*Task directions*
Return all the entries word for word, minus the pictures.

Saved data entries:
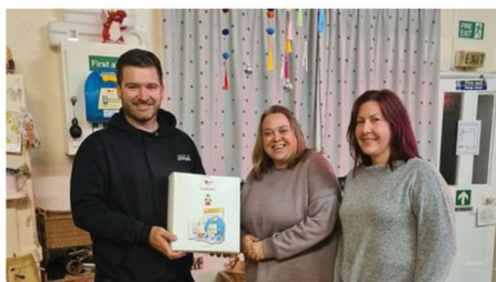
Bombini Tribe Day Nursery, Ashford (Kindly donated by Miles Signs)
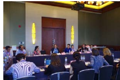
The 13th Qingdao International Water Conference: Water --- Sources of Life & Base of Development. June 26-29, 2018, Qingdao, China.
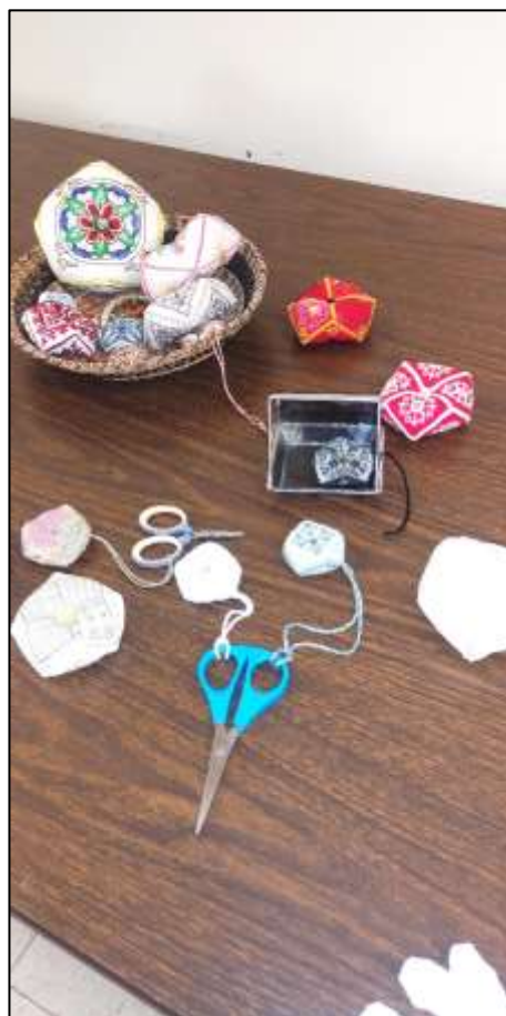
Biscornu Pin Cushion - Embroidery Canada Spring 2025
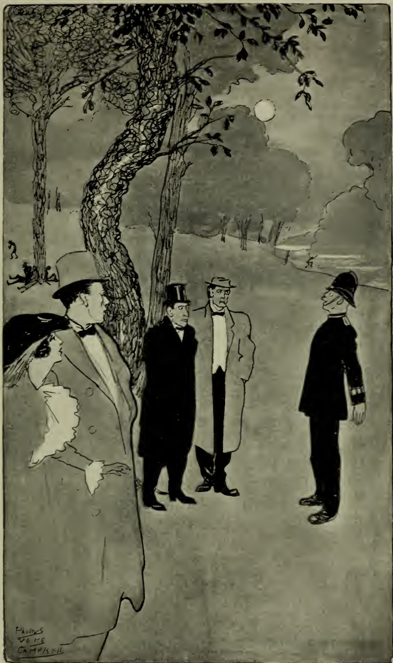
THEY GAZED FASCINATED
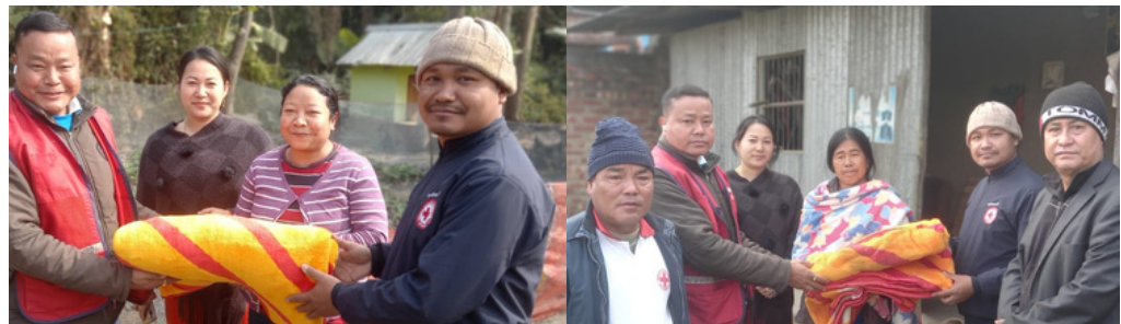
Distribution of blankets, Manipur

*Response*
Bombini Tribe Day Nursery, Ashford (Kindly donated by Miles Signs)
The 13th Qingdao International Water Conference: Water --- Sources of Life & Base of Development. June 26-29, 2018, Qingdao, China.
Biscornu Pin Cushion - Embroidery Canada Spring 2025
THEY GAZED FASCINATED
Distribution of blankets, Manipur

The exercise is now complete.